You can pan fry haggis by taking it out of its skin and crumbling it into a dry, non-stick frying pan. Heat it over a gentle heat until the suet begins to melt and the meat and oatmeal crisp up a bit and turn darker.
You can also microwave it by taking it out of its skin (or slicing it into rounds) and zapping it on a medium heat. However, both the above methods of frying or microwaving are not traditional and they take away from the essential part of the presentation whereby you stab the cooked haggis with a knife, to split and serve it.
6. What is served with haggis?
Haggis is traditionally served with “neeps and tatties” or to give them their full name “champit neeps and bash-it tatties”. These two vegetables are Swedish turnips (Rutabaga in the States) and potatoes respectively.
They are never mashed as you would mashed potato – they are roughly bashed or crushed with butter, seasoning and perhaps a bit of cream or milk.
The haggis with the two smashed-up veg is how you’ll traditionally receive a dish of “haggis, neeps and tatties” if ordered in most Scots restaurants.
Very often the dish can be a bit dry, so it’s usually offered with some kind of sauce – whisky peppercorn is a particular favourite and can also now be bought already made, particularly around Burns’ night.
If you’re eating haggis for the first time and you’d rather not have it on its own, you can get more familiar items stuffed with haggis, such as chicken breasts or beef ‘olives’, which is rolled beef steak wrapped around a filling such as haggis.
Haggis ‘bonbons’ are balls of haggis deep-fried in a light coating (usually breadcrumbs). These are dipped in a sauce (usually whisky cream) and are delicious.
Many shops and restaurants in Scotland have other foods available with haggis as a topping or stuffing, making haggis more palatable to the uninitiated.

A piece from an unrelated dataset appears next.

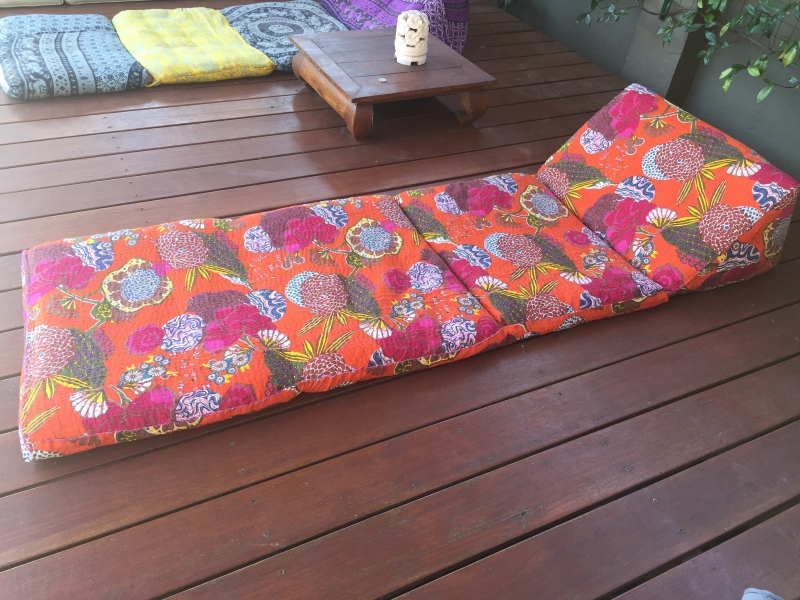 IKEAのソファーにインド布を敷いて、カラフルなクッションを置いただけですが、インドのお洒落カフェのようになりました。
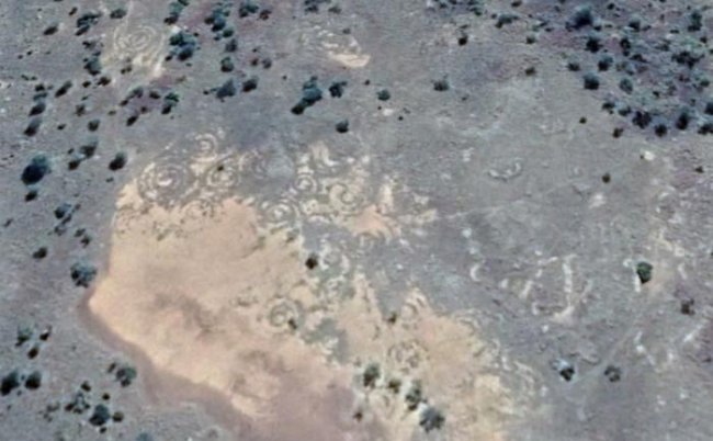 «Виртуальные археологи» на картах Google Earth обнаружили в австралийской пустыне участок с огромными спиральными рисунками на земле, так называемыми геоглифами.

7. How do you reheat haggis?
If there’s any delicious haggis left, it’s best reheated by pan-frying or microwaving (see above) as by this time it will already have been taken out of its skin and can be crumbled up to re-heat.
8. How healthy is haggis?
The short answer is that haggis is not particularly healthy. It’s quite high in saturated fat and salt. However, it’s quite rich, so you can’t usually eat a lot of it, and it does come with two hefty portions of vegetables as standard. It’s also traditionally eaten with a wee dram (a shot) of whisky, which is debatable as to its health benefits!
Like many celebratory dishes it’s not intended to be eaten all the time, although many in Scotland do as it’s available all year round. If you want to be really unhealthy, order it deep-fried in Scotland, or as a pizza topping (seriously).
9. Is haggis really banned in the USA?
Haggis itself isn’t banned in the United States, but the import of lamb’s pluck is. You can’t use lamb’s pluck as an ingredient in food in the US either. Therefore you can’t import a haggis from Scotland to the USA, for example, but you can buy a USA-made haggis that has been made without the lamb’s pluck.
McKean’s (known as McLay’s in the UK) make traditional haggises without the lamb pluck. I haven’t tried them, but they have a good reputation. If you would like to have the presentation of stabbing and slicing the haggis (e.g. for Burns’ Night) then this is the type of haggis you’ll have to get.
If you just want to taste haggis, there are a few canned versions of it in the USA, but many of them seem to contain beef, which isn’t traditional and won’t taste the same.
10. Where to get REAL haggis in the USA?
Since my boyfriend is half Scottish, we often celebrate Burns’ Night wherever we happen to be. Many times, we’ve been in the USA and I have either taken or bought a can of Grant’s haggis, which is made in Scotland AND has all the traditional ingredients in it including the lamb’s pluck.
Despite the regulations I’ve not had any issue bringing it into the States, and it’s also available to buy on Amazon for USA delivery – possibly because it’s canned. It tastes just like the haggis you get in Scotland because it IS from Scotland (Ayrshire). One can serve two people.